Set down the entries below exactly, leaving out all images.

===== INPUT MATERIAL =====

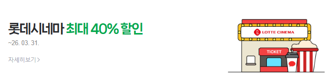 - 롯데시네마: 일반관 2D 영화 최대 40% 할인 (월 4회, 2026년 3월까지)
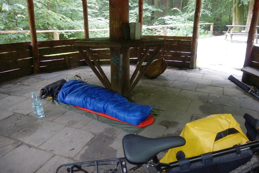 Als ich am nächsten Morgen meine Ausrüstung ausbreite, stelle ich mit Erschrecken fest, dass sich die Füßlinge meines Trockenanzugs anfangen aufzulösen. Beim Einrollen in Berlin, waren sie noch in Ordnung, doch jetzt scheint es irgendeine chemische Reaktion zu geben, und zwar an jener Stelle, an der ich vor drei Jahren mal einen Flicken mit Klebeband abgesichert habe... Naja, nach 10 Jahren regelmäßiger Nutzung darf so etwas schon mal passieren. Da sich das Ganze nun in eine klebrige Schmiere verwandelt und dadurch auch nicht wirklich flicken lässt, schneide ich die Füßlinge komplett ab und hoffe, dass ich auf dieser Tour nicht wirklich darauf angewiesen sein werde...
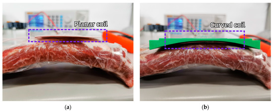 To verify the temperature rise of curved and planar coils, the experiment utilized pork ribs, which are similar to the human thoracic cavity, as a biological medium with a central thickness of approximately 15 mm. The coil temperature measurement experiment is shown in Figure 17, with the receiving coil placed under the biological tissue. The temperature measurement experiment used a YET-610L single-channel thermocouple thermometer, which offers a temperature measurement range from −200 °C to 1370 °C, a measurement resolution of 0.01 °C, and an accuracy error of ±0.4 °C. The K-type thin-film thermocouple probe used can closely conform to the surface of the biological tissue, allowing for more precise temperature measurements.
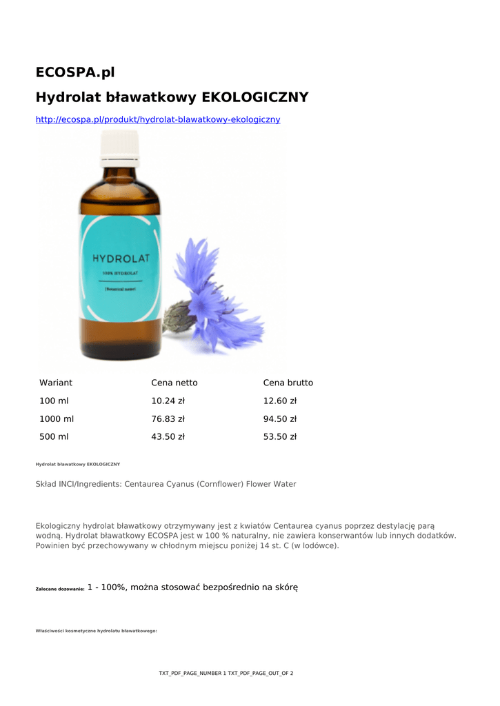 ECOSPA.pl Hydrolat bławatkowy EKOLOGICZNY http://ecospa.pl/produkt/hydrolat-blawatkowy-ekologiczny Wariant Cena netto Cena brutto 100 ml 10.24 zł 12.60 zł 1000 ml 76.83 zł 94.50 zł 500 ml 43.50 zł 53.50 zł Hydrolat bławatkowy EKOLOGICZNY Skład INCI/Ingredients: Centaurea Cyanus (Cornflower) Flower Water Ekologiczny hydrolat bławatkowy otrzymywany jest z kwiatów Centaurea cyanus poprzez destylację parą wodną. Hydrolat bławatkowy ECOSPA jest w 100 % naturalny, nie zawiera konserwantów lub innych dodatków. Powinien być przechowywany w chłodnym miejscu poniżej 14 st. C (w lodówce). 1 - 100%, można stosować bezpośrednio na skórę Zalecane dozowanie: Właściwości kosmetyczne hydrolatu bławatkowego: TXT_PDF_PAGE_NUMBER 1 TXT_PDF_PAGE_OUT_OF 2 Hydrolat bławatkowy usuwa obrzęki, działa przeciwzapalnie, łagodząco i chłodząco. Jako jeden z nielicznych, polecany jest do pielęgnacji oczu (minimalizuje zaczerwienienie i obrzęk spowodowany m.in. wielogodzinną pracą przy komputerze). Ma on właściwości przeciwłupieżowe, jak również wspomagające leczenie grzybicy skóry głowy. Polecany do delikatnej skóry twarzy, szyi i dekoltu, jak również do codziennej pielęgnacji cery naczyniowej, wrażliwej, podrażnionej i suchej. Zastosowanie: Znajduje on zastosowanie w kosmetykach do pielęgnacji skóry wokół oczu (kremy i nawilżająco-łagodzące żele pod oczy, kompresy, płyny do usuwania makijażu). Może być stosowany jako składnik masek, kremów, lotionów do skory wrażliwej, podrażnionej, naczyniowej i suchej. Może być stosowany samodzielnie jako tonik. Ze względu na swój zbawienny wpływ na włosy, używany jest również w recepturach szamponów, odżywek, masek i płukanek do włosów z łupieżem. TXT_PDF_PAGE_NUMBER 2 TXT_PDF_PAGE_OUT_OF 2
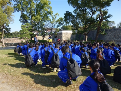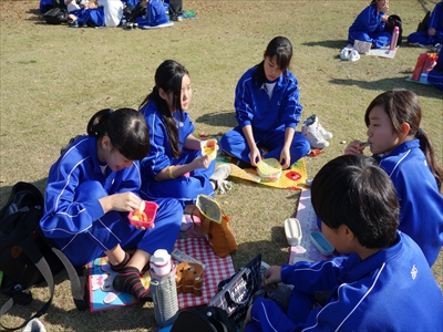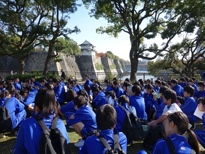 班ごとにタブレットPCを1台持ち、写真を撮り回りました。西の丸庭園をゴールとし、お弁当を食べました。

=====

* [RESPONSE AREA]
 - 롯데시네마: 일반관 2D 영화 최대 40% 할인 (월 4회, 2026년 3월까지)
 Als ich am nächsten Morgen meine Ausrüstung ausbreite, stelle ich mit Erschrecken fest, dass sich die Füßlinge meines Trockenanzugs anfangen aufzulösen. Beim Einrollen in Berlin, waren sie noch in Ordnung, doch jetzt scheint es irgendeine chemische Reaktion zu geben, und zwar an jener Stelle, an der ich vor drei Jahren mal einen Flicken mit Klebeband abgesichert habe... Naja, nach 10 Jahren regelmäßiger Nutzung darf so etwas schon mal passieren. Da sich das Ganze nun in eine klebrige Schmiere verwandelt und dadurch auch nicht wirklich flicken lässt, schneide ich die Füßlinge komplett ab und hoffe, dass ich auf dieser Tour nicht wirklich darauf angewiesen sein werde...
 To verify the temperature rise of curved and planar coils, the experiment utilized pork ribs, which are similar to the human thoracic cavity, as a biological medium with a central thickness of approximately 15 mm. The coil temperature measurement experiment is shown in Figure 17, with the receiving coil placed under the biological tissue. The temperature measurement experiment used a YET-610L single-channel thermocouple thermometer, which offers a temperature measurement range from −200 °C to 1370 °C, a measurement resolution of 0.01 °C, and an accuracy error of ±0.4 °C. The K-type thin-film thermocouple probe used can closely conform to the surface of the biological tissue, allowing for more precise temperature measurements.
 ECOSPA.pl Hydrolat bławatkowy EKOLOGICZNY http://ecospa.pl/produkt/hydrolat-blawatkowy-ekologiczny Wariant Cena netto Cena brutto 100 ml 10.24 zł 12.60 zł 1000 ml 76.83 zł 94.50 zł 500 ml 43.50 zł 53.50 zł Hydrolat bławatkowy EKOLOGICZNY Skład INCI/Ingredients: Centaurea Cyanus (Cornflower) Flower Water Ekologiczny hydrolat bławatkowy otrzymywany jest z kwiatów Centaurea cyanus poprzez destylację parą wodną. Hydrolat bławatkowy ECOSPA jest w 100 % naturalny, nie zawiera konserwantów lub innych dodatków. Powinien być przechowywany w chłodnym miejscu poniżej 14 st. C (w lodówce). 1 - 100%, można stosować bezpośrednio na skórę Zalecane dozowanie: Właściwości kosmetyczne hydrolatu bławatkowego: TXT_PDF_PAGE_NUMBER 1 TXT_PDF_PAGE_OUT_OF 2 Hydrolat bławatkowy usuwa obrzęki, działa przeciwzapalnie, łagodząco i chłodząco. Jako jeden z nielicznych, polecany jest do pielęgnacji oczu (minimalizuje zaczerwienienie i obrzęk spowodowany m.in. wielogodzinną pracą przy komputerze). Ma on właściwości przeciwłupieżowe, jak również wspomagające leczenie grzybicy skóry głowy. Polecany do delikatnej skóry twarzy, szyi i dekoltu, jak również do codziennej pielęgnacji cery naczyniowej, wrażliwej, podrażnionej i suchej. Zastosowanie: Znajduje on zastosowanie w kosmetykach do pielęgnacji skóry wokół oczu (kremy i nawilżająco-łagodzące żele pod oczy, kompresy, płyny do usuwania makijażu). Może być stosowany jako składnik masek, kremów, lotionów do skory wrażliwej, podrażnionej, naczyniowej i suchej. Może być stosowany samodzielnie jako tonik. Ze względu na swój zbawienny wpływ na włosy, używany jest również w recepturach szamponów, odżywek, masek i płukanek do włosów z łupieżem. TXT_PDF_PAGE_NUMBER 2 TXT_PDF_PAGE_OUT_OF 2
 班ごとにタブレットPCを1台持ち、写真を撮り回りました。西の丸庭園をゴールとし、お弁当を食べました。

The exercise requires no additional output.